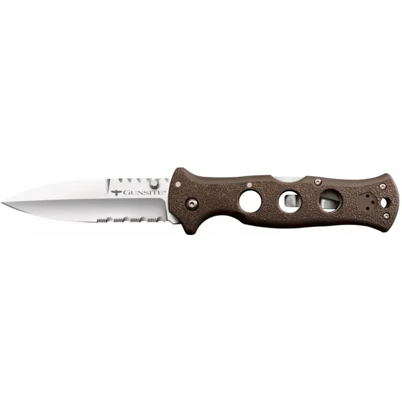 Складаний ніж Gunsite Counter Point відрізняється витонченим дизайном і чудовими різальними якостями. Модель отримала натхненний класичним стилетом клинок профілю Spear Point з напівсерейторною різальною кромкою і яскраво вираженим фальшлезом. Таке поєднання створило ніж, який не тільки чудово виглядає, але й забезпечує приголомшливу продуктивність. Виготовлений з японської сталі AUS10A, клинок Gunsite має високу стійкість до корозії і має гранично гостру різальну кромку. Відкривається ніж за рахунок зручного шпеника, а фіксація в робочому положенні відбувається за рахунок системи замикання Tri-Ad Lock. Ергономічні накладки на руків’ї виготовлені з Griv-Ex і посилені термообробленими алюмінієвими вкладишами, що робить руків’я не тільки дуже міцним, але й зручним практично за будь-якого хвату. На торці розміщений отвір для темляка, а також зручна двостороння кишенькова кліпса.
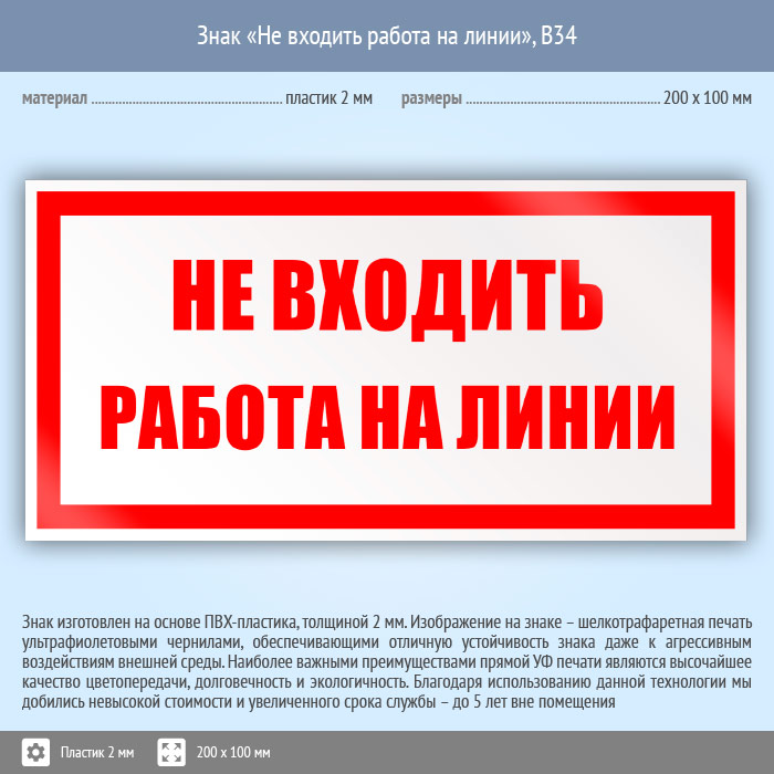 Знак «Не входить работа на линии», B34 (пластик, 200х100 мм) в Ожерелье купить
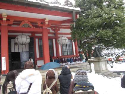 掛け声が雪の鞍馬山に響きます。

......

What to work on
Transcribe the span of lines that runs from the line with "в Ожерелье купить" to the end of the data, both ends included, exactly, with nothing else and no pictures.

Task result
 Знак «Не входить работа на линии», B34 (пластик, 200х100 мм) в Ожерелье купить
 掛け声が雪の鞍馬山に響きます。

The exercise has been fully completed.